[Start of section]
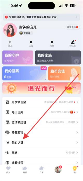 2、在个人页面中找到我的认证选项并点击,进入我的认证页面。
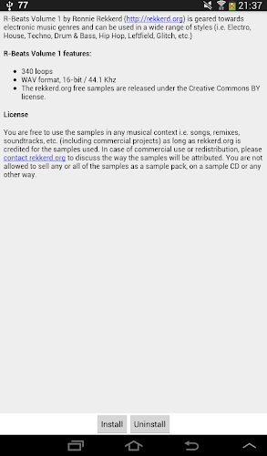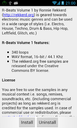 ★★★ IMPORTANT! ★ This is sample add-on for GrooveMixer app (that must be installed separately) ★★★R-Beats Volume 1 by Ronnie Rekkerd - http://rekkerd.org - is geared towards electronic music genres and can be used in a wide range of styles (i.e. Electro, House, Techno, Drum & Bass, Hip Hop, Leftfield, Glitch, etc.).
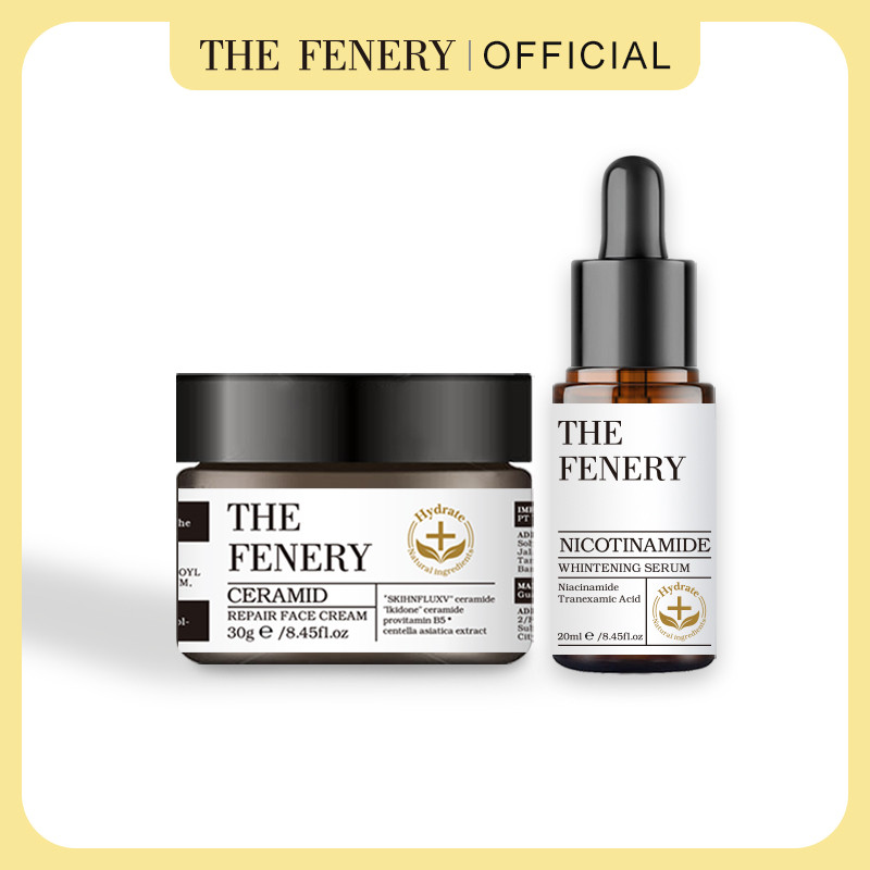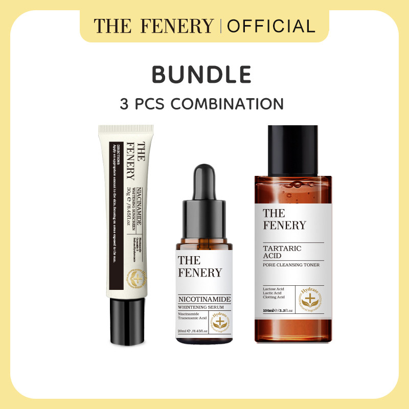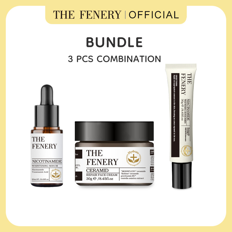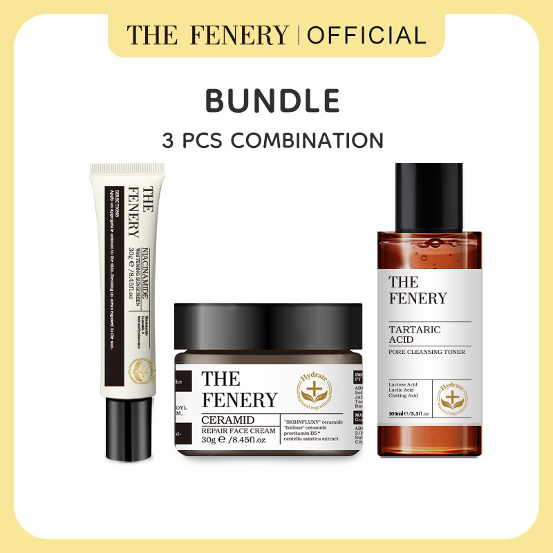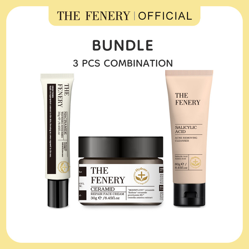 The Fenery AHA Centella Toner & Salicylic Acid Cleanser & Niacinamide Brightening Serum & Niacinamide Whitening Sunscreen & Ceramide Cream - Facial Wash Jerawat Ceramide Moisturizer Wajah Niacinamide Brightening Suncreen Serum Toner Wajah Pencerah
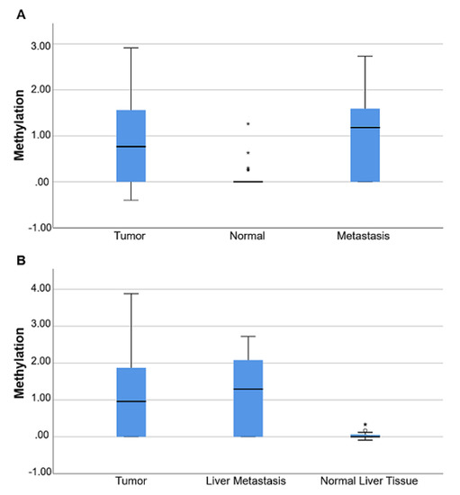 - Bhangu, J.S.; Beer, A.; Mittlbock, M.; Tamandl, D.; Pulverer, W.; Schonthaler, S.; Taghizadeh, H.; Stremitzer, S.; Kaczirek, K.; Gruenberger, T.; et al. Circulating Free Methylated Tumor DNA Markers for Sensitive Assessment of Tumor Burden and Early Response Monitoring in Patients Receiving Systemic Chemotherapy for Colorectal Cancer Liver Metastasis. Ann. Surg. 2018, 268, 894–902. [Google Scholar] [CrossRef]
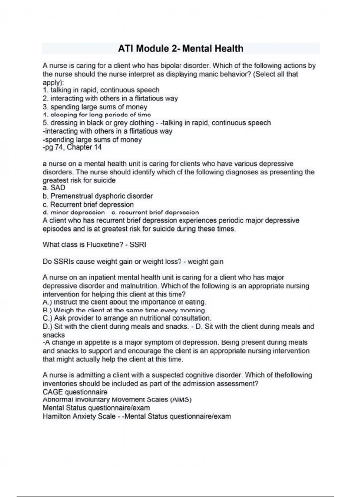 A nurse is caring for a client who has bipolar disorder. Which of the following actions by the nurse should the nurse interpret as displaying manic behavior? (Select all that apply): 1. talking in rapid, continuous speech 2. interacting with others in a flirtatious way 3. spending large sums of money 4. sleeping for long periods of time 5. dressing in black or grey clothing - -talking in rapid, continuous speech -interacting with others in a flirtatious way -spending large sums of money -pg 74, Chapter 14 a nurse on a mental health unit is caring for clients who have various depressive disorders. The nurse should identify which of the following diagnoses as presenting the greatest risk for suicide a. SAD b. Premenstrual dysphoric disorder c. Recurrent brief depression d. minor depression - c. recurrent brief depression A client who has recurrent brief depression experiences periodic major depressive episodes and is at greatest risk for suicide during these times. What class is Fluoxetine? - SSRI Do SSRIs cause weight gain or weight loss? - weight gain A nurse on an inpatient mental health unit is caring for a client who has major depressive disorder and malnutrition. Which of the following is an appropriate nursing intervention for helping this client at this time? A.) Instruct the client about the importance of eating. B.) Weigh the client at the same time every morning. C.) Ask provider to arrange an nutritional consultation. D.) Sit with the client during meals and snacks. - D. Sit with the client during meals and snacks -A change in appetite is a major symptom of depression. Being present during meals and snacks to support and encourage the client is an appropriate nursing intervention that might actually help the client at this time. A nurse is admitting a client with a suspected cognitive disorder. Which of thefollowing inventories should be included as part of the admission assessment? CAGE questionnaire Abnormal Involuntary Movement Scales (AIMS) Mental Status questionnaire/exam Hamilton Anxiety Scale - -Mental Status questionnaire/exam The use of a mental status questionnaire assists in identifying deterioration in mental status and brain damage which are findings associated with cognitive disorders. Citalopram class? - SSRI A nurse is caring for a client who is a resident in a facility designed for the care of clients with Alzheimer disease.The client has been oriented to name and place and is usually cooperative and able to perform activities of dailyliving (ADL) with minimal supervision. When the client refuses to take medications, the nurse should - D A. notify the provider of the client's increasing confusion.Rationale:Before taking this action, the nurse must make a further assessment regarding the reasons forrefusal. B. crush the pills, if not contraindicated, and mix them in the client's applesauce.Rationale:A confused client can still make valid health care choices. This action does not allow the clientto make a choice. C. explain to the client the possible implications of missing a dose.Rationale:Being confrontational may cause the client to become argumentative and distrustful. D. ask the client to express the reasons for refusing the morning medications and document the event.Rationale:Before making a judgment about the client's competence, the nurse should complete anassessment of the client. It is important to document the client's reasons in his own words,especially if he is refusing ordered medications and/or treatments Why should patients change positions slowly when taking MAOIs? - Because MAOIs can cause orthostatic hypotension A nurse is caring for a client who has been hospitalized for treatment of bipolar disorder and will be discharged with a prescription for lithium. The nurse's discharge teaching should include information cautioning against which of the following behaviors that may cause lithium toxicity? A. Fasting B. Drinking caffeine C. Excercising moderately - A. Fasting Lithium is used to treat the manic stage of bipolar disorder. Toxicity occurs when the level of lithium in the blood becomes too high. Crash dieting or fasting can lead to lithium toxicity because the sodium, electrolyte, and fluid balance are altered, causing the blood levels of lithium to rise.
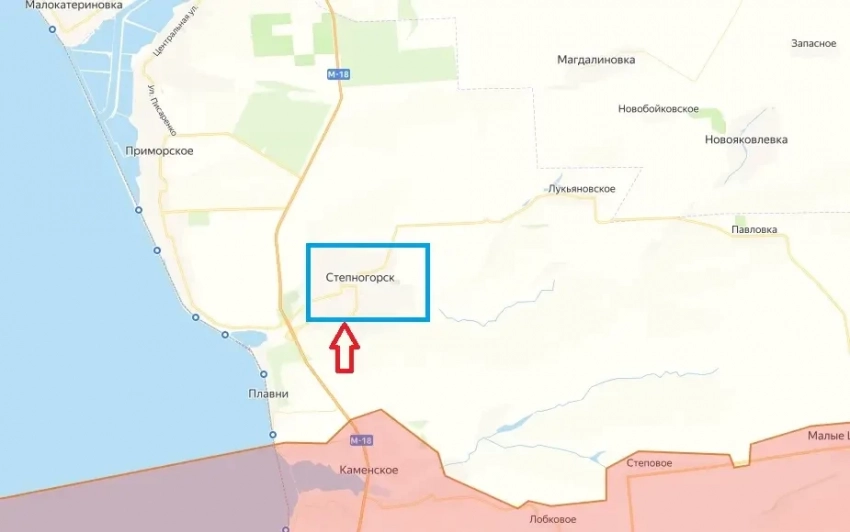 В настоящее время, по данным объективного контроля, наши войска подходят к окраинам Степногорска — довольно крупного населенного пункта, примыкающего с северо-востока к Плавням, расположенным на берегу бывшего Каховского водохранилища.
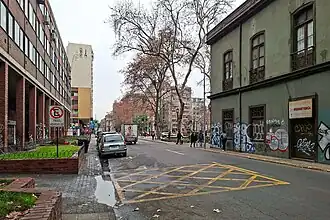 La capilla de San Lázaro permaneció en el lugar hasta el siglo xix, cuando en su lugar se construyó el palacio Rivas.[1] La edificación de estas grandes residencias continuó en la vía en el sector cercano con la intersección de la Alameda.[1] Esto contrastaba con el tramo norte de la calle, próximo a la estación Mapocho y a la Cárcel Pública de Santiago, donde existía una abundancia de tabernas y prostíbulos.[1]
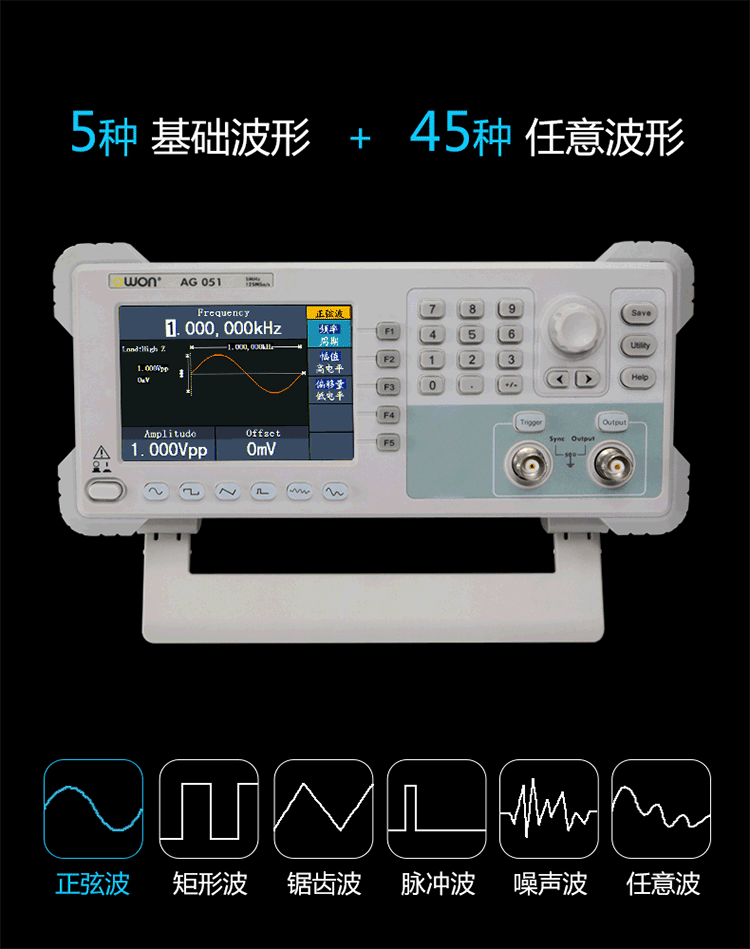 + 丰富的波形输出:5种基本波形,内置45种任意波形
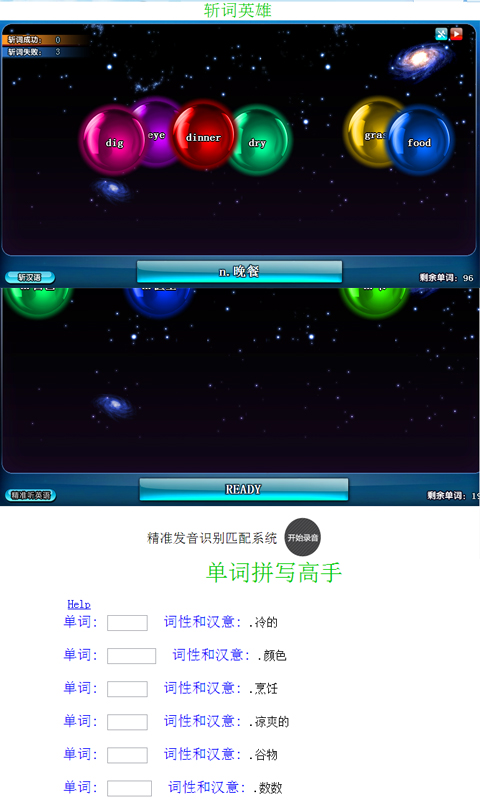 二 斬詞英雄—運(yùn)用全球最先進(jìn)技術(shù)制作的跨平臺(tái)背詞游戲。根本停不下來的一分鐘測試20個(gè)單詞的趣味游戲。
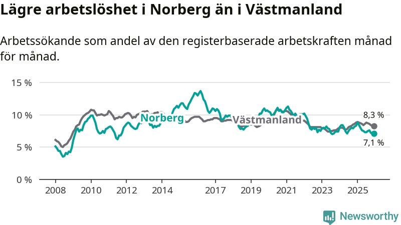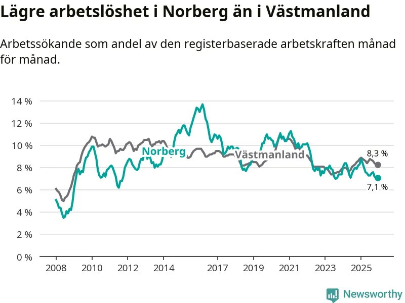 Under december månad rapporterade Norbergs kommun en total arbetslöshet på 7,1 procent. Det är en minskning jämfört med samma tidpunkt i fjol (−1,2 procentenheter). Även i Västmanlands län sjunker arbetslösheten .
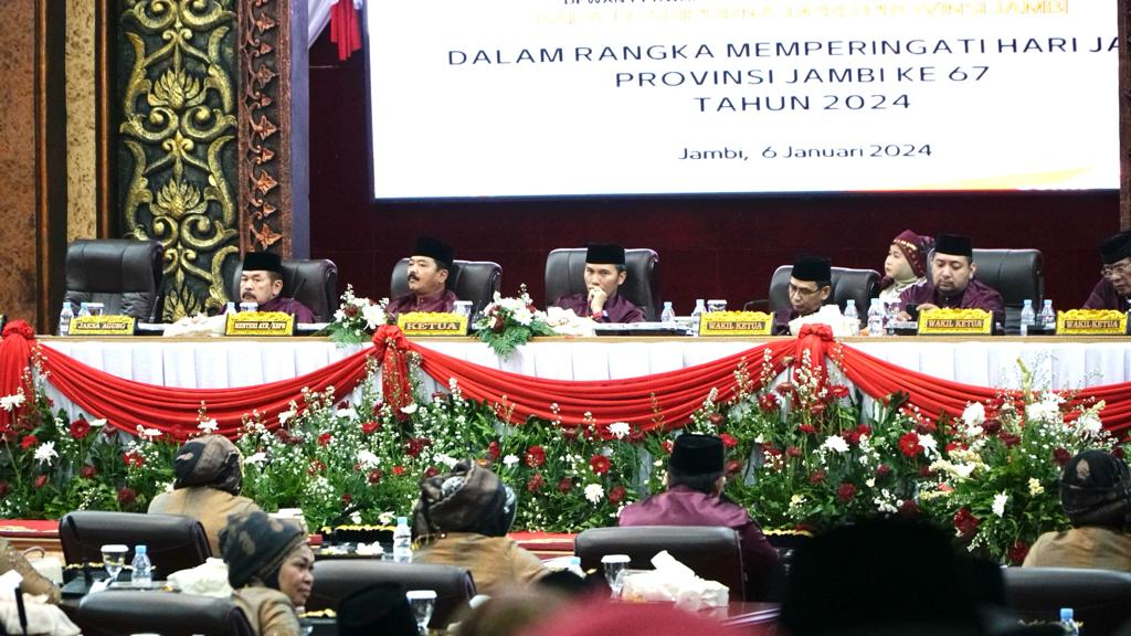 Jambi – Ketua DPRD Provinsi Jambi, Edi Purwanto didampingi Wakil Ketua DPRD Provinsi Jambi, Faisal Riza, Pinto Jayanegara, dan Burhanudin Mahir membuka dan memimpin secara resmi Rapat Paripurna DPRD Provinsi Jambi dalam rangka memperingati Hari Jadi Provinsi Jambi ke 67 tahun 2024, Sabtu (6/1).
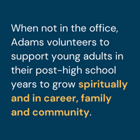 When not in the office, Adams volunteers at Atlanta’s Greater Community Church and the Bridge at ATL, an organization that supports young adults in their post-high school years to grow spiritually and in career, family and community.
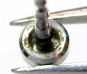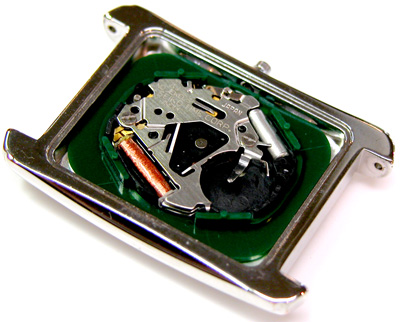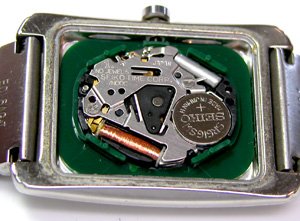 綺麗になったケースにムーブメントをもどして電池格納部をチェックします。
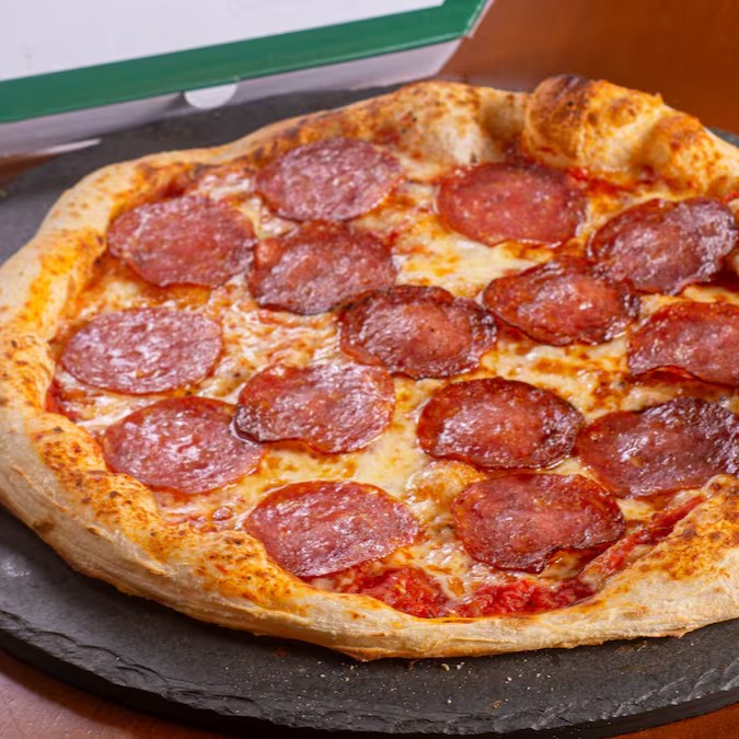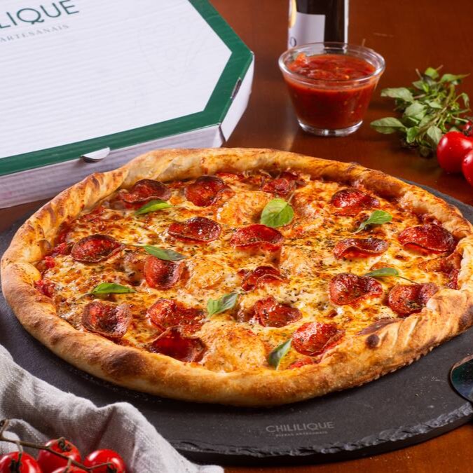 Massa italiana, molho de tomate artesanal, queijo mussarella, salame italiano, e um leve toque de pimenta do reino.
[End of section]
**WHAT TO WORK ON**. Exactly as written, set down each line of the records, leaving out the pictures.

**PROBLEM SOLUTION**.
 2、在个人页面中找到我的认证选项并点击,进入我的认证页面。
 ★★★ IMPORTANT! ★ This is sample add-on for GrooveMixer app (that must be installed separately) ★★★R-Beats Volume 1 by Ronnie Rekkerd - http://rekkerd.org - is geared towards electronic music genres and can be used in a wide range of styles (i.e. Electro, House, Techno, Drum & Bass, Hip Hop, Leftfield, Glitch, etc.).
 The Fenery AHA Centella Toner & Salicylic Acid Cleanser & Niacinamide Brightening Serum & Niacinamide Whitening Sunscreen & Ceramide Cream - Facial Wash Jerawat Ceramide Moisturizer Wajah Niacinamide Brightening Suncreen Serum Toner Wajah Pencerah
 - Bhangu, J.S.; Beer, A.; Mittlbock, M.; Tamandl, D.; Pulverer, W.; Schonthaler, S.; Taghizadeh, H.; Stremitzer, S.; Kaczirek, K.; Gruenberger, T.; et al. Circulating Free Methylated Tumor DNA Markers for Sensitive Assessment of Tumor Burden and Early Response Monitoring in Patients Receiving Systemic Chemotherapy for Colorectal Cancer Liver Metastasis. Ann. Surg. 2018, 268, 894–902. [Google Scholar] [CrossRef]
 A nurse is caring for a client who has bipolar disorder. Which of the following actions by the nurse should the nurse interpret as displaying manic behavior? (Select all that apply): 1. talking in rapid, continuous speech 2. interacting with others in a flirtatious way 3. spending large sums of money 4. sleeping for long periods of time 5. dressing in black or grey clothing - -talking in rapid, continuous speech -interacting with others in a flirtatious way -spending large sums of money -pg 74, Chapter 14 a nurse on a mental health unit is caring for clients who have various depressive disorders. The nurse should identify which of the following diagnoses as presenting the greatest risk for suicide a. SAD b. Premenstrual dysphoric disorder c. Recurrent brief depression d. minor depression - c. recurrent brief depression A client who has recurrent brief depression experiences periodic major depressive episodes and is at greatest risk for suicide during these times. What class is Fluoxetine? - SSRI Do SSRIs cause weight gain or weight loss? - weight gain A nurse on an inpatient mental health unit is caring for a client who has major depressive disorder and malnutrition. Which of the following is an appropriate nursing intervention for helping this client at this time? A.) Instruct the client about the importance of eating. B.) Weigh the client at the same time every morning. C.) Ask provider to arrange an nutritional consultation. D.) Sit with the client during meals and snacks. - D. Sit with the client during meals and snacks -A change in appetite is a major symptom of depression. Being present during meals and snacks to support and encourage the client is an appropriate nursing intervention that might actually help the client at this time. A nurse is admitting a client with a suspected cognitive disorder. Which of thefollowing inventories should be included as part of the admission assessment? CAGE questionnaire Abnormal Involuntary Movement Scales (AIMS) Mental Status questionnaire/exam Hamilton Anxiety Scale - -Mental Status questionnaire/exam The use of a mental status questionnaire assists in identifying deterioration in mental status and brain damage which are findings associated with cognitive disorders. Citalopram class? - SSRI A nurse is caring for a client who is a resident in a facility designed for the care of clients with Alzheimer disease.The client has been oriented to name and place and is usually cooperative and able to perform activities of dailyliving (ADL) with minimal supervision. When the client refuses to take medications, the nurse should - D A. notify the provider of the client's increasing confusion.Rationale:Before taking this action, the nurse must make a further assessment regarding the reasons forrefusal. B. crush the pills, if not contraindicated, and mix them in the client's applesauce.Rationale:A confused client can still make valid health care choices. This action does not allow the clientto make a choice. C. explain to the client the possible implications of missing a dose.Rationale:Being confrontational may cause the client to become argumentative and distrustful. D. ask the client to express the reasons for refusing the morning medications and document the event.Rationale:Before making a judgment about the client's competence, the nurse should complete anassessment of the client. It is important to document the client's reasons in his own words,especially if he is refusing ordered medications and/or treatments Why should patients change positions slowly when taking MAOIs? - Because MAOIs can cause orthostatic hypotension A nurse is caring for a client who has been hospitalized for treatment of bipolar disorder and will be discharged with a prescription for lithium. The nurse's discharge teaching should include information cautioning against which of the following behaviors that may cause lithium toxicity? A. Fasting B. Drinking caffeine C. Excercising moderately - A. Fasting Lithium is used to treat the manic stage of bipolar disorder. Toxicity occurs when the level of lithium in the blood becomes too high. Crash dieting or fasting can lead to lithium toxicity because the sodium, electrolyte, and fluid balance are altered, causing the blood levels of lithium to rise.
 В настоящее время, по данным объективного контроля, наши войска подходят к окраинам Степногорска — довольно крупного населенного пункта, примыкающего с северо-востока к Плавням, расположенным на берегу бывшего Каховского водохранилища.
 La capilla de San Lázaro permaneció en el lugar hasta el siglo xix, cuando en su lugar se construyó el palacio Rivas.[1] La edificación de estas grandes residencias continuó en la vía en el sector cercano con la intersección de la Alameda.[1] Esto contrastaba con el tramo norte de la calle, próximo a la estación Mapocho y a la Cárcel Pública de Santiago, donde existía una abundancia de tabernas y prostíbulos.[1]
 + 丰富的波形输出:5种基本波形,内置45种任意波形
 二 斬詞英雄—運(yùn)用全球最先進(jìn)技術(shù)制作的跨平臺(tái)背詞游戲。根本停不下來的一分鐘測試20個(gè)單詞的趣味游戲。
 Under december månad rapporterade Norbergs kommun en total arbetslöshet på 7,1 procent. Det är en minskning jämfört med samma tidpunkt i fjol (−1,2 procentenheter). Även i Västmanlands län sjunker arbetslösheten .
 Jambi – Ketua DPRD Provinsi Jambi, Edi Purwanto didampingi Wakil Ketua DPRD Provinsi Jambi, Faisal Riza, Pinto Jayanegara, dan Burhanudin Mahir membuka dan memimpin secara resmi Rapat Paripurna DPRD Provinsi Jambi dalam rangka memperingati Hari Jadi Provinsi Jambi ke 67 tahun 2024, Sabtu (6/1).
 When not in the office, Adams volunteers at Atlanta’s Greater Community Church and the Bridge at ATL, an organization that supports young adults in their post-high school years to grow spiritually and in career, family and community.
 綺麗になったケースにムーブメントをもどして電池格納部をチェックします。
 Massa italiana, molho de tomate artesanal, queijo mussarella, salame italiano, e um leve toque de pimenta do reino.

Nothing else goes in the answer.